GitButler Reinvents How Software Gets Built in the AI Era
- Karan Bhatia

- Apr 9
- 2 min read

GitButler, a Git-backed change management tool for modern, AI coding workflows, led by Github co-founder Scott Chacon, has raised a $17M Series A led by a16z with continuing support from its lead seed investors, Fly Ventures and A Capital.
Over the past 15 years, Git has evolved from a niche tool into the core infrastructure of modern software development. That journey highlights a key insight: developer platforms succeed when they reduce friction in collaboration and minimise overhead for those building code.
GitButler was founded to rethink tooling around how developers actually work today, rather than forcing workflows to fit Git’s original design. This funding reflects that core vision.
Software development is entering a new phase, where the problems Git was designed to solve are increasingly misaligned with modern workflows. A system built for patch-based collaboration is now being stretched to support agent-driven development at scale.
The core challenge is no longer writing code, but maintaining context across tools, teams, and AI systems. Organising, reviewing, and integrating changes without introducing chaos has become the central bottleneck.
The traditional model, one developer, one branch, one linear flow, was never fully optimised and is now further strained by the complexity introduced by AI-driven workflows.
Designed for modern workflows, the tool supports short-lived branches and trunk-based development, enabling humans and agents to collaborate seamlessly.
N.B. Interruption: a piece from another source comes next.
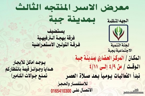 وأكد الأستاذ فهد المشناء رئيس لجنة التنمية الإجتماعية في جبة، أنه تواصلاً لإنشطة التنمية في دعم الأسر المنتجة والعمل على تسويق منتجاتها، في سبيل توفير فرص العمل ورأس مال، مضيفاً أن هذا المعرض ستقام فعالياته في المركز الحضاري بمدينة جبة ويستضيف فرق ترفيهية وإستعراضية، وأن هناك اماكن للإيجار وكذلك سيتم توزيع جوائز قيمة وهدايا للحاضرين.

It simplifies stacking branches, multitasking, organising changes, and reversing actions, while integrating directly into existing Git projects.
The broader ambition extends beyond tooling, reviving the vision of “social coding” with collaboration at its core.
While platforms like GitHub improved open-source collaboration, much of the development workflow remains fragmented; issues, boards, patches, and conversations still live across disconnected tools, with valuable context often lost over time. In many ways, team development has become less cohesive rather than more.
A more social model of coding envisions tighter integration between work, context, and collaboration, where changes are structured clearly, conversations and agent interactions are preserved, and conflicts are identified early. It enables parallel, interconnected workflows, with full visibility across teammates and systems in real time.
This approach reframes version control as an active coordination layer rather than a passive system of record. GitButler is building toward that shift, moving beyond incremental improvements to redefine how software is created and managed.